**DATA EXCERPT**.
Content starts
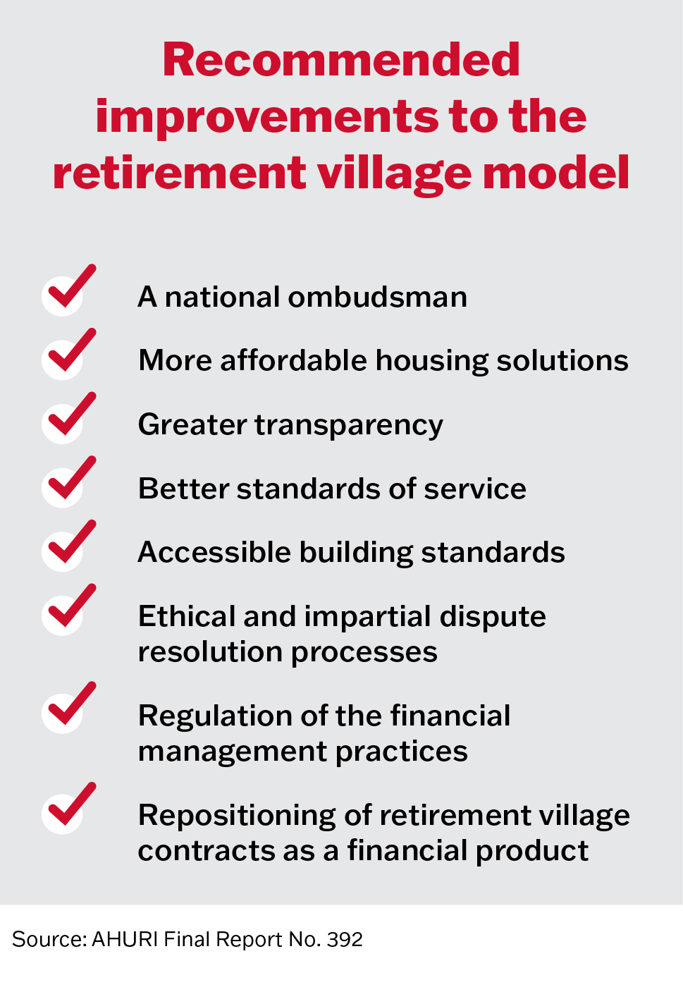 - the establishment of a national ombudsman to support and advocate for the rights of older people navigating disputes with retirement village operators
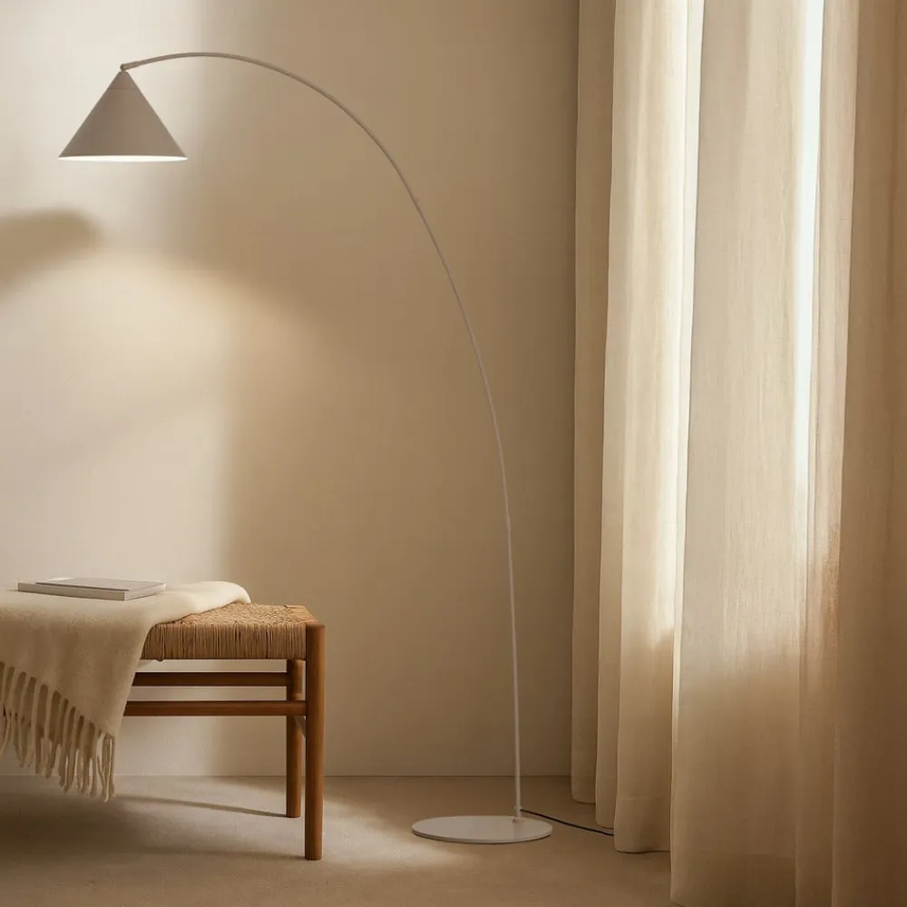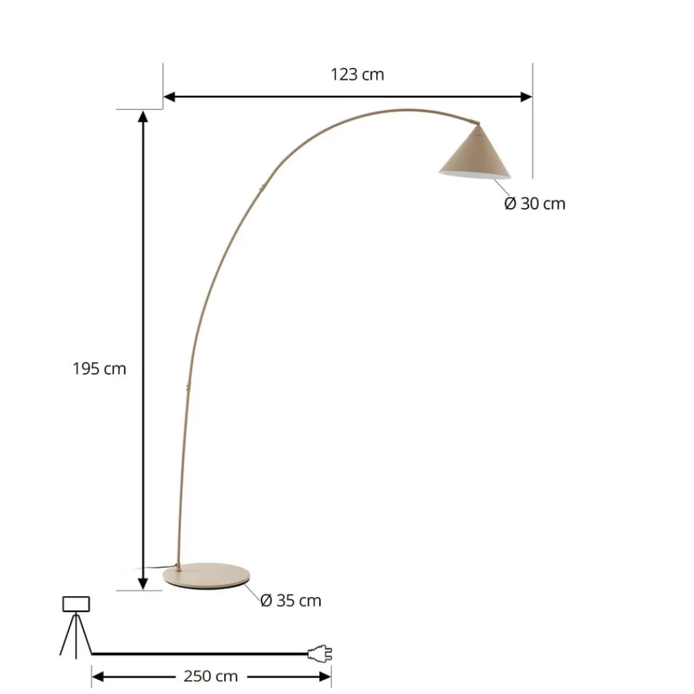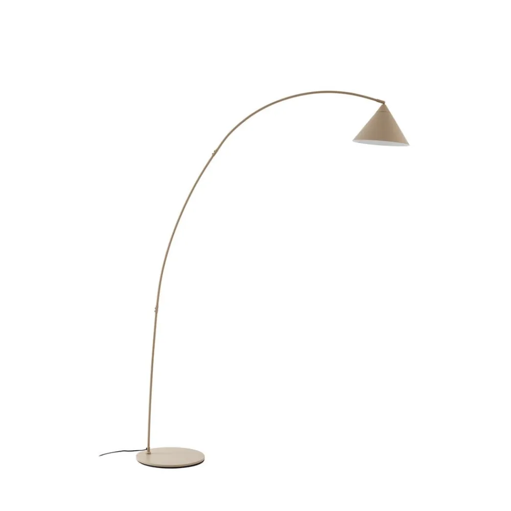 Lindby gulvlampe Triangolo i naturlig beige kombinerer moderne design med praktisk fleksibilitet. Den er fremstillet af metal i høj kvalitet og passer perfekt ind i moderne stuer og tilbyder en stilfuld belysningsløsning. Den diskrete farvekontrast mellem beige og den hvide inderside af den kegleformede skærm skaber et behageligt lys, der stråler nedad.
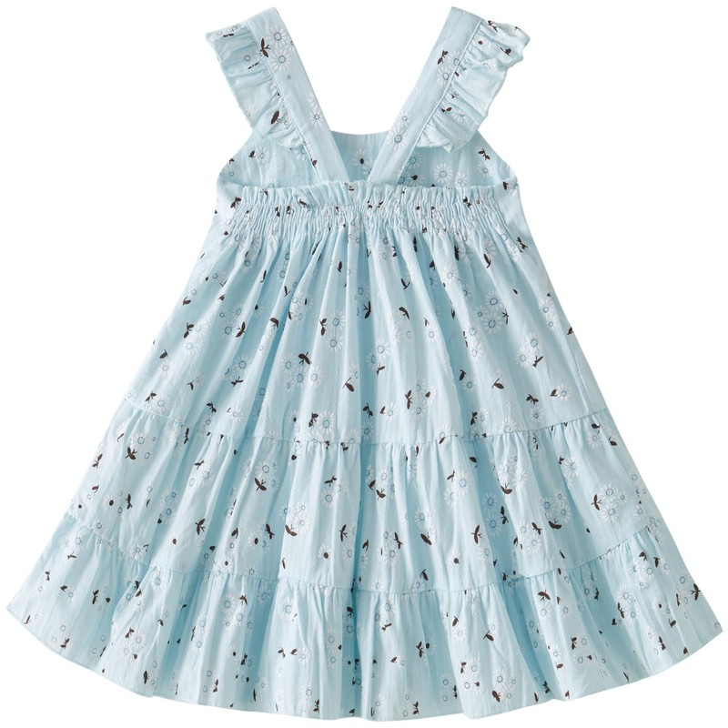 Toddler Dress Flutter Sleeveless Princess Cotton Summer Floral Dresses, Blue Floral, Szie 18-24 Months
Content ends
The line with "Lindby gulvlampe Triangolo" marks the end: restate word for word every line from the top of the data through that one, omitting pictures.

**EXERCISE SOLUTION**.
 - the establishment of a national ombudsman to support and advocate for the rights of older people navigating disputes with retirement village operators
 Lindby gulvlampe Triangolo i naturlig beige kombinerer moderne design med praktisk fleksibilitet. Den er fremstillet af metal i høj kvalitet og passer perfekt ind i moderne stuer og tilbyder en stilfuld belysningsløsning. Den diskrete farvekontrast mellem beige og den hvide inderside af den kegleformede skærm skaber et behageligt lys, der stråler nedad.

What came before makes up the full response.